Looking at the latest and greatest is important for several reasons. First, new product development and staying abreast of the latest technology are hallmarks of a vibrant supplier committed to the long term. Just as a top breeder invests in new varieties, the top automation suppliers are investing in new products. Second, looking at the newest technology is a way of imagining what is possible, and some amazing things are possible.

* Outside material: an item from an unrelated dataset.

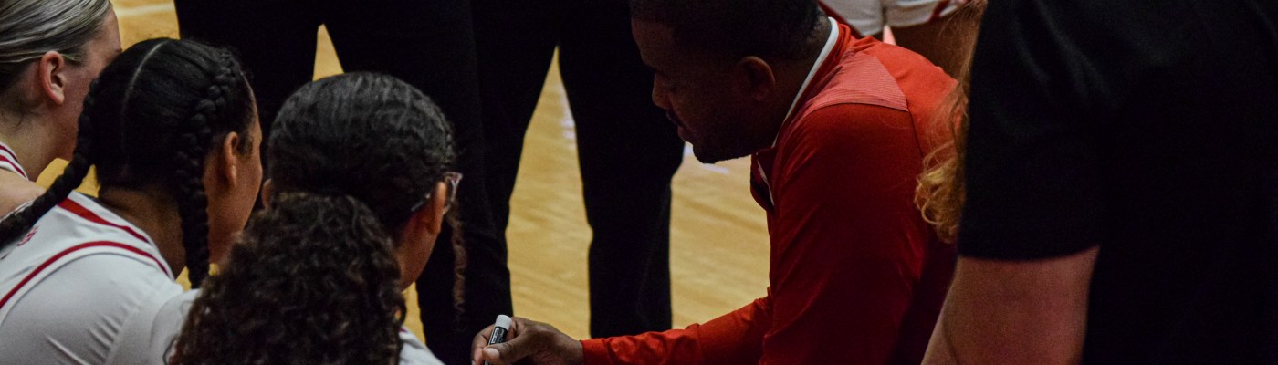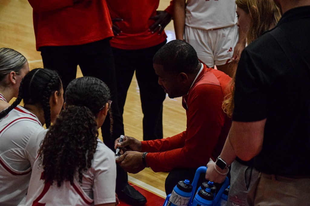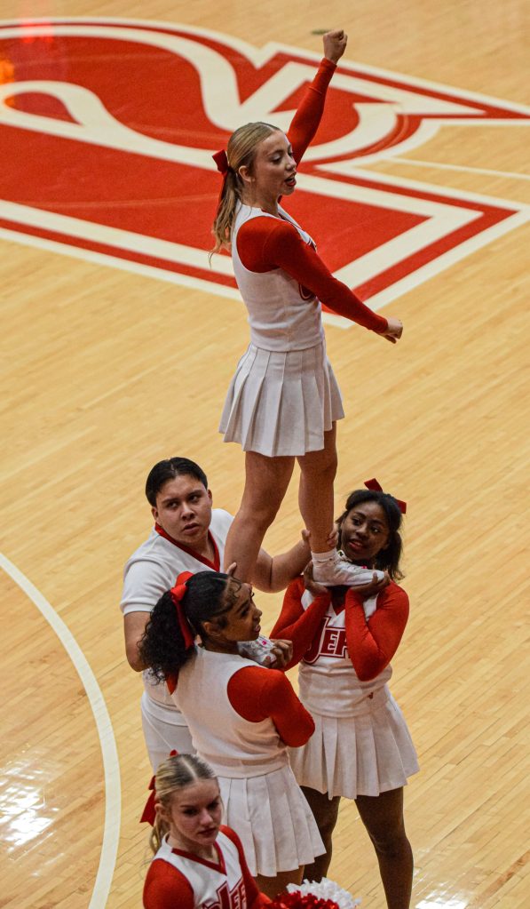 Senior Maizy Smith shoots a mid-range shot in a crucial fourth-quarter play against Borden. Photo by Magdalene Conrad.Sophomore Alicia Mangrum tries to break through contact for the layup. Photo by Magdalene Conrad. JHS cheerleaders perform during a timeout in the third quarter. Photo by Malachi Conrad. Interim head coach A.J. Moye shows the team his play and gives advice. This is his debut game for the Lady Red Devils. He also serves as JHS athletic director. Photo by Malachi Conrad. Senior Kelis Dansby signals to run a play late in the game. Photo by Malachi Conrad.
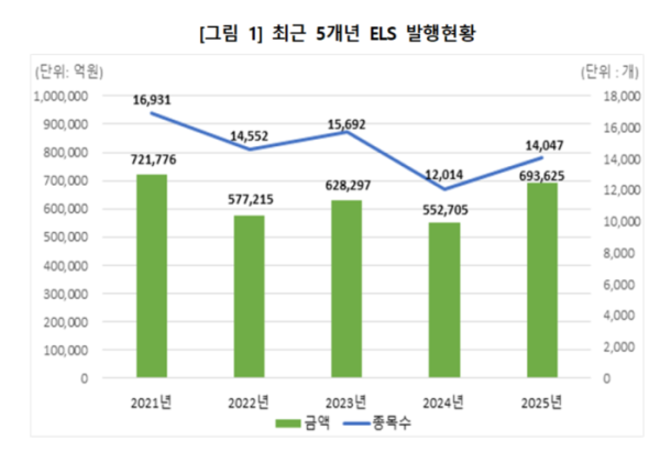 지난해 주가연계증권(ELS·ELB 포함) 발행 규모가 70조 원에 육박하며 전년 대비 큰 폭으로 증가했다. 해외 주요 지수와 국내 주식을 기초자산으로 한 상품 발행이 동시에 늘어난 가운데, 상환 규모는 줄고 미상환 잔액은 다시 증가세로 돌아섰다.

But most growers don't want to do the amazing. They simply want to make their operation more efficient and more profitable. Luckily, there exists a broad spectrum of automation options that can be tailored to fit virtually any grower. It is not a question of going from manual operations to total automation. Instead, it is a question of how much automation is right for the individual grower at a particular time. Of course, the first place to automate should be one that is highly repetitive, employs multiple laborers, requires substantial time and/or introduces variability. For many growers, this translates into a replugging line.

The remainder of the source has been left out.